With a partitioning algorithm such as the Lomuto partition scheme described above (even one that chooses good pivot values), quicksort exhibits poor performance for inputs that contain many repeated elements. The problem is clearly apparent when all the input elements are equal: at each recursion, the left partition is empty (no input values are less than the pivot), and the right partition has only decreased by one element (the pivot is removed). Consequently, the Lomuto partition scheme takes quadratic time to sort an array of equal values. However, with a partitioning algorithm such as the Hoare partition scheme, repeated elements generally results in better partitioning, and although needless swaps of elements equal to the pivot may occur, the running time generally decreases as the number of repeated elements increases (with memory cache reducing the swap overhead). In the case where all elements are equal, Hoare partition scheme needlessly swaps elements, but the partitioning itself is best case, as noted in the Hoare partition section above.

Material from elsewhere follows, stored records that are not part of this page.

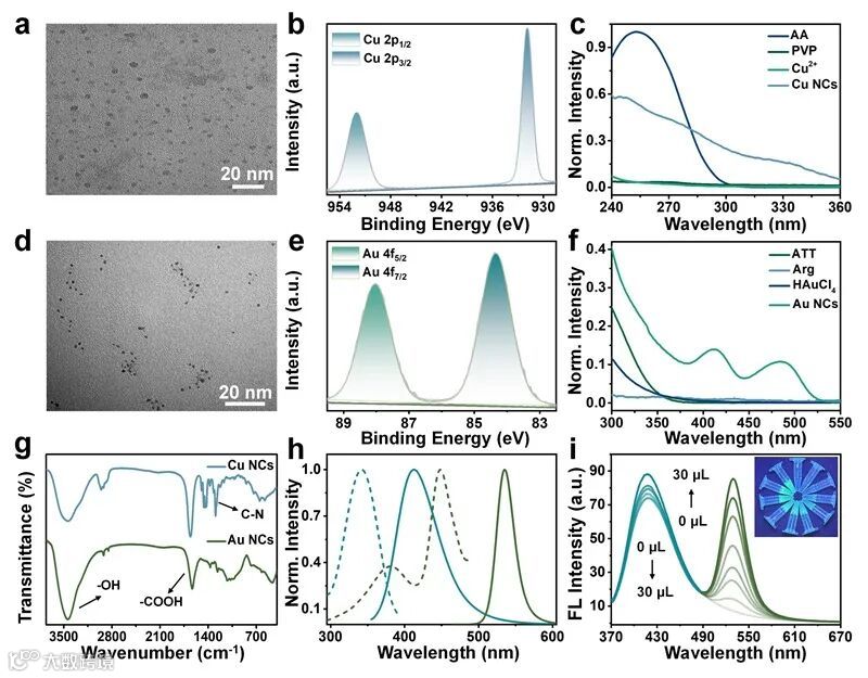 研究人员首先对混合纳米团簇进行了表征,通过TEM、XPS、FTIR和UV等表征手段证实了材料成功合成(如图2所示)。通过控制Au NCs的添加量,可以精确地调节Cu/Au NCs的蓝色和绿色发射组分之间的比例,表明其作为荧光比率探针的应用前景。
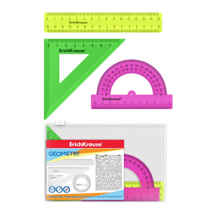 Набор геометрический непрозрачный из высококачественного пластика. В комплекте 3 предмета: линейка с двусторонней шкалой 15см – желтый, угольник 45°/7см – зеленый, транспортир 180°/10см – розовый.
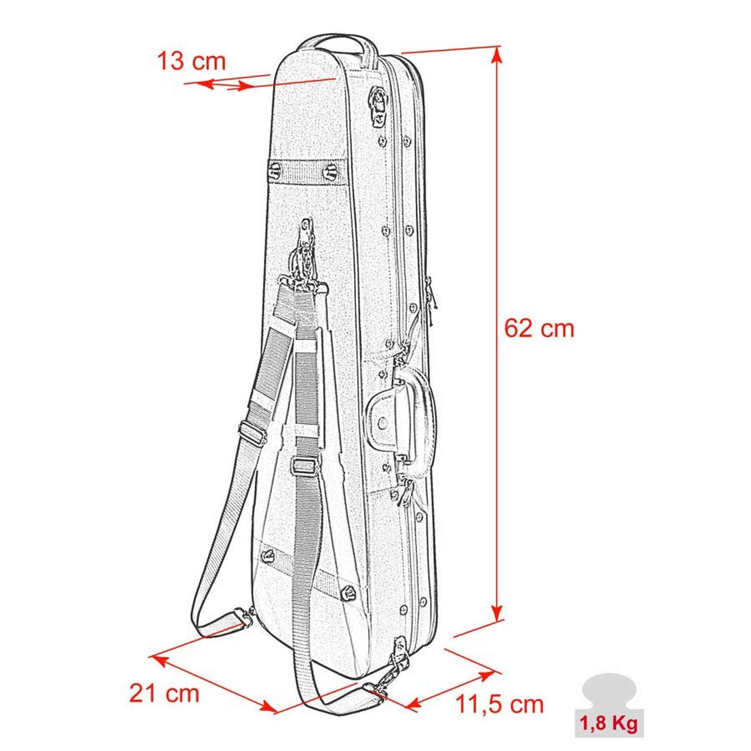 De binnenzijde is volledig gevoerd en afgewerkt met blauw suède. Je neemt twee strijkstokken mee en bergt accessoires op in het interne vak. Het muziekcompartiment biedt ruimte voor bladmuziek. Met twee rugriemen draag je de koffer comfortabel. De beschermdoek voorkomt direct contact tussen viool en deksel.

To solve the Lomuto partition scheme problem (sometimes called the Dutch national flag problem[6]), an alternative linear-time partition routine can be used that separates the values into three groups: values less than the pivot, values equal to the pivot, and values greater than the pivot. (Bentley and McIlroy call this a "fat partition" and it was already implemented in the qsort of Version 7 Unix.[6]) The values equal to the pivot are already sorted, so only the less-than and greater-than partitions need to be recursively sorted. In pseudocode, the quicksort algorithm becomes

algorithm quicksort(A, lo, hi) is
    if lo < hi then
        p := pivot(A, lo, hi)
        left, right := partition(A, p, lo, hi)  // note: multiple return values
        quicksort(A, lo, left - 1)
        quicksort(A, right + 1, hi)

The partition algorithm returns indices to the first ('leftmost') and to the last ('rightmost') item of the middle partition. Every item of the partition is equal to p and is therefore sorted. Consequently, the items of the partition need not be included in the recursive calls to quicksort.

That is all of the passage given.